0.0.6 • Published 5 years ago

cinatabase v0.0.6

Weekly downloads
2
License
MIT
Repository
github
Last release
5 years ago

Handles the interaction between memory and persistent databases.

Goal

Let's imaging your app has a memory database/store which serves as a source for your UI and persistent database (indexdb, server, etc.) where you store data between sessions. There are a few typical tasks that you have to handle:

  • partially sync both dbs
  • and make sure that dbs are consistent after mutation

The modern "redux"-like approach suggests to create actions, reducers, saga, effects and all kind of other abstractions that your framework ecosystem has. That's fine and in most cases straightforward but quite verbose as for me.

So I created this lib (better to say the draft of the lib) which tries to hide all tedious tasks under the hood providing for the client clean and pretty API.

Main idea

I will start from the high-level API and move further to more tiny details.

Doc and collection

Everything is tied around two main entities - Doc and Collection. That's the most high level API which the end-user will use eventually.

// get reference to users collection
const users = databaseManager.collection<{name: string}>('users');

// take one particular user
const admin = users.doc('admin');

// get user data
admin.snapshot().then((adminSnapshot) => {
    adminSnapshot.data()
});
Database manager

The next one is Database Manager which takes Memory and Remote dbs as parameter and control their interactions. Most likely you will have only one manager instance per app.

const memoryDb = new MemoryDb();
const remoteDb = new RemoteDb(new InMemoryRemoteProvider());
const databaseManager = new DatabaseManager(
  memoryDb,
  remoteDb
);
Memory and Remote dbs

Ok, let's move to Memory and Remote dbs. To make life easier for the Manager they both should mimic almost the same API as Database Manager itself.

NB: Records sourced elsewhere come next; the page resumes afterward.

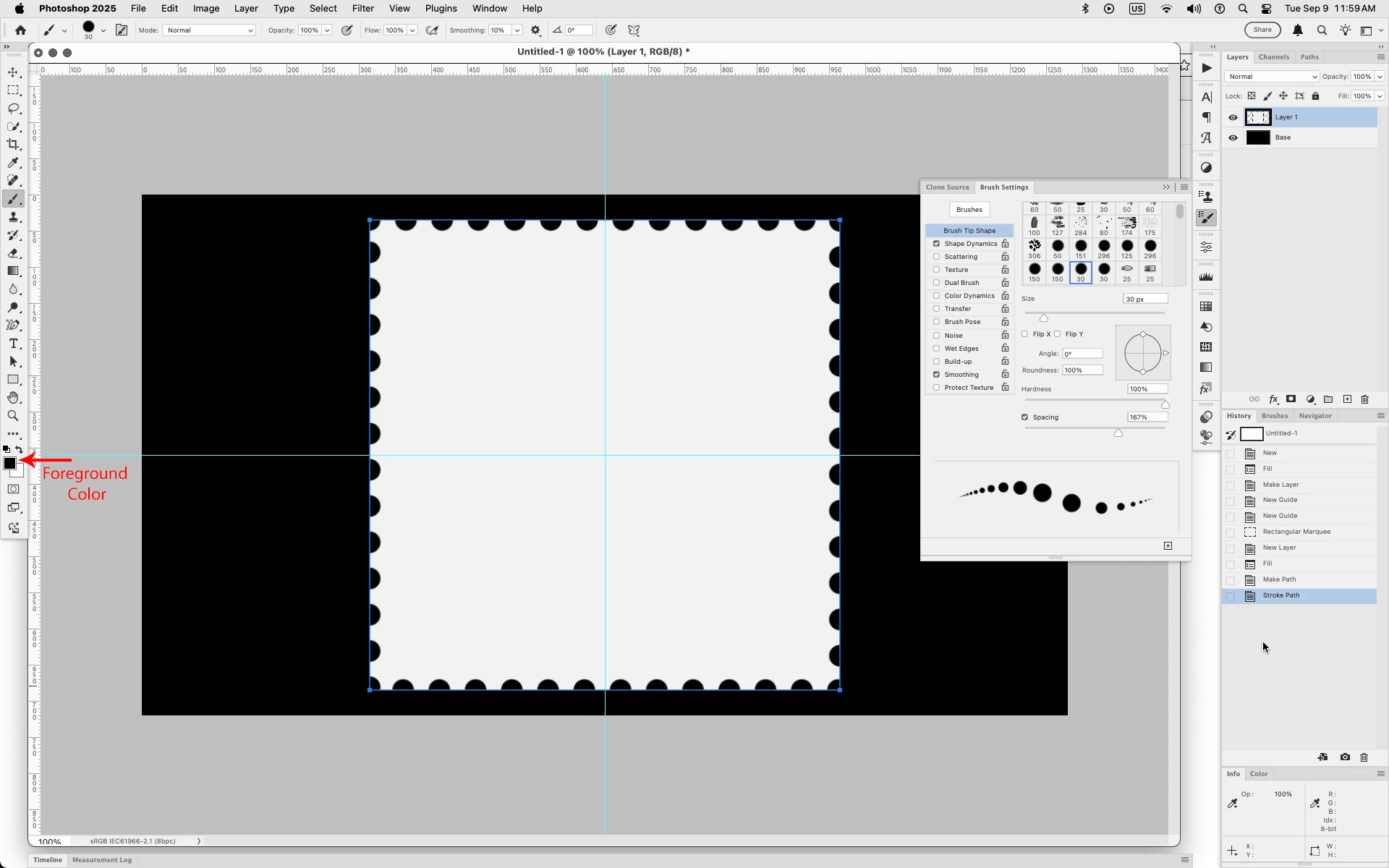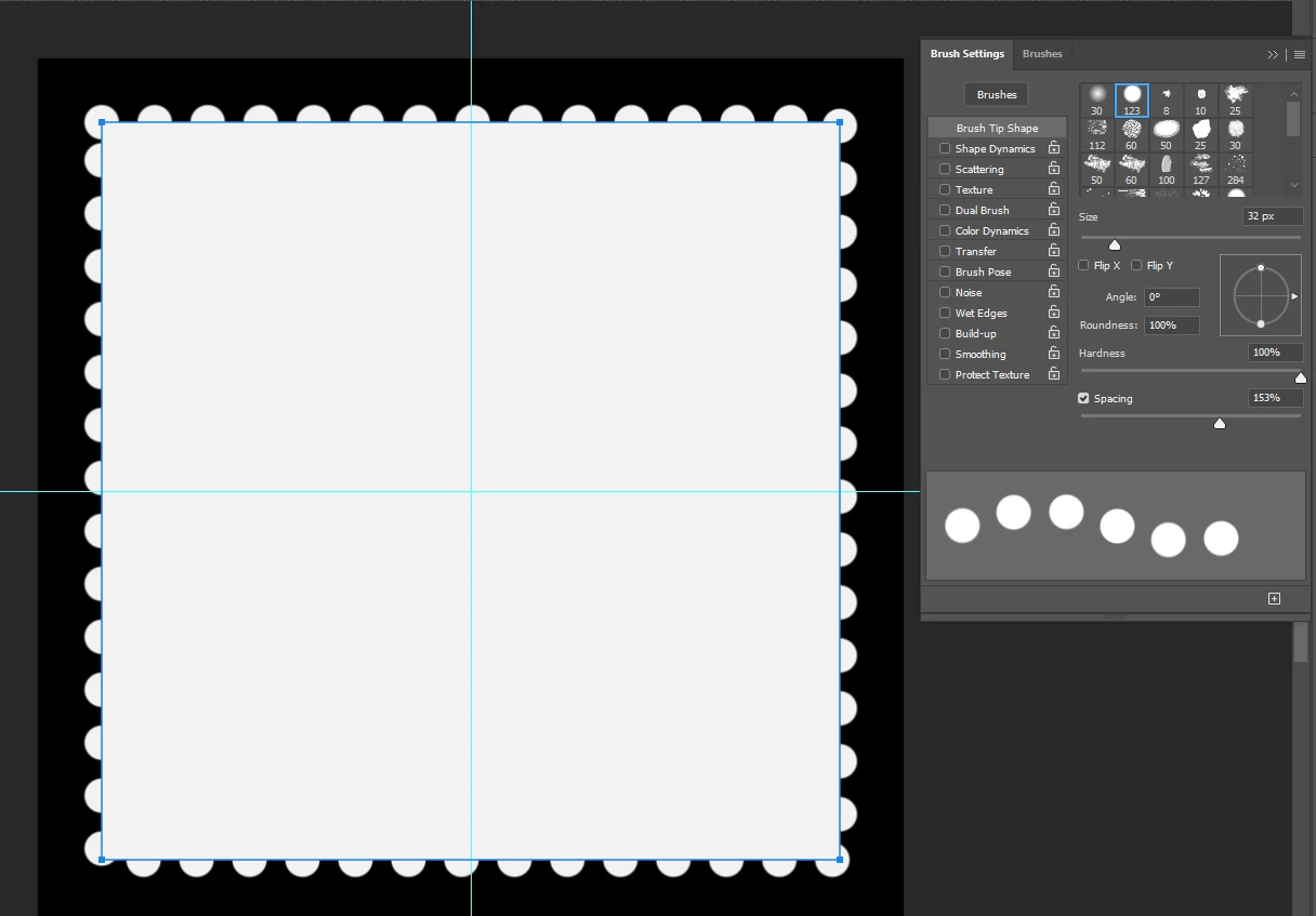 im working on creating a postage stamp is PS and one step calls for creating a work path then applying a circular brush to the path to get the perforated edge of a stamp. To achieve this the tutorial calls for making the work path, selecting the brush, then applying it and VOILA!! The effect. But.....the "brushes" in my brush menu (Win 11, F5) are all white and this effect seems to add to the work path (making the edge bulge out) instead of it subtracting from the edge.
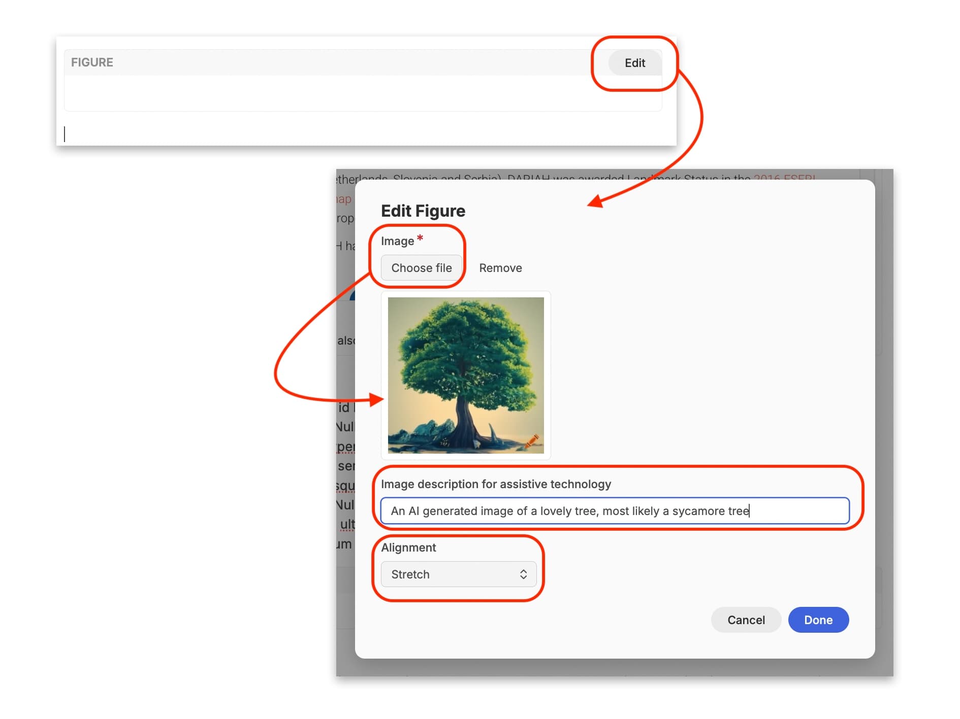 You may want to include images or infographics in your pathfinder resource. This is also very straightforward. When you select the ‘Figure’ widget, a blank box appears on the page with an ‘edit’ button in the top-right hand corner. Click on this and it will open a pop-up window. You first click on the ‘Choose file’ button to open your computer’s file manager to find an image to add. A thumbnail of the image will be displayed below.
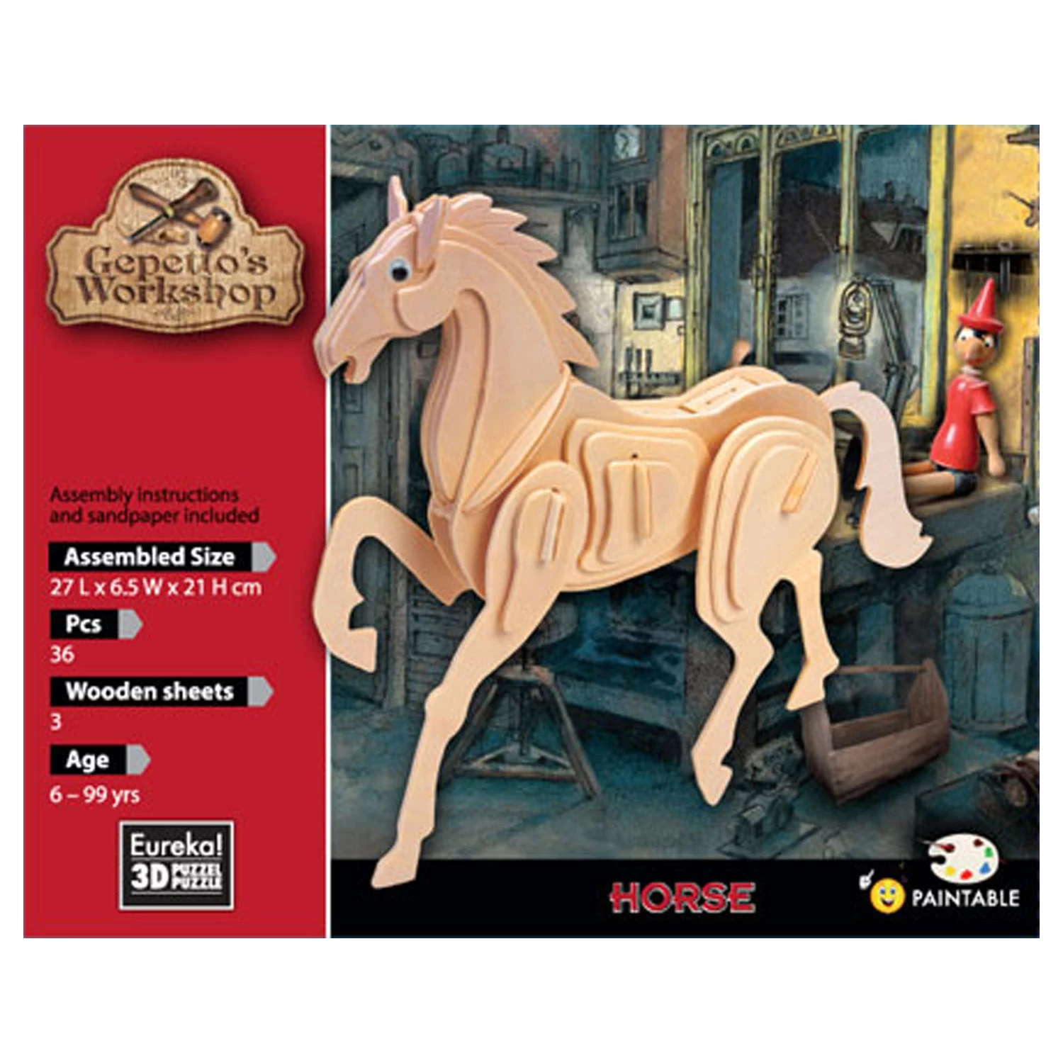 Dieses wunderschöne Holzpferd kann es kaum erwarten, zusammengebaut zu werden! Der Bausatz besteht aus 36 verschiedenen Holzteilen. Schnappen Sie sich die Anleitung und erfahren Sie Schritt für Schritt, wie Sie das Tier zusammenbauen. Hast du es geschafft, es zusammenzustellen? Dann können Sie es noch lustiger gestalten, indem Sie das Pferd bemalen oder dekorieren. Dadurch erhalten Sie eine einzigartige Figur, die Sie als Dekoration ausstellen können. Die Größe des kompletten Tieres beträgt 27 x 6,5 x 21 cm.
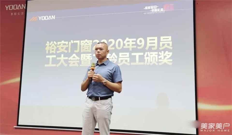 裕安董事长黄秋盛先生和裕安门窗生产中心、营销中心、行政中心、采购、研发等各职能部门全体领导和员工参加了此次大会。

const memoryDb = new MemoryDb();

const memoryUsers = memoryDb.collection('users');
const adminSnapshot = memoryUsers.doc('admin').snapshot();

adminSnapshot.data();
const removeDb = new MemoryDb(new InMemoryRemoteProvider());

const remoteUsers = removeDb.collection('users');

remoteUsers.doc('admin').snapshot().then((adminSnapshot) => {
    adminSnapshot.data();
})

Remote db takes provider as the argument which eventually decides where the data should be stored. Currently, I added PouchDb provider to store data locally in IndexDb and Memory provider for the unit tests.

Internal implementation

Manager spreads the actual work between different entities.

  • Sync server
  • Mutate server
  • Snapshot server

So eventually the main idea is that the client could interact with Manager in two dimensions. Using doc and collection to manage data. And communicate with a particular server to manage the logic of data flow.

Examples

Let's consider some typical workflow. Client wants to load sub-set of docs to show them initially. As user interacts with the app we want to sync additional set of docs. And somewhere in between client wants to update some docs.

Initial sync
const users = dbManager.collection('users');

// remote -> memory sync users from particular country
users.query({
 country: 'foo' 
}).sync().then(() => {
  // done    
});
Render all users that were synced
const users = dbManager.collection('users');

// render synced users
users.query().onSnapshot({
  source: 'memory' // run query against memory db only
}).subscribe((syncedUsers) => {
  // render users
});
Sync additional subset of users

After success sync previous subscription receive users from both countries.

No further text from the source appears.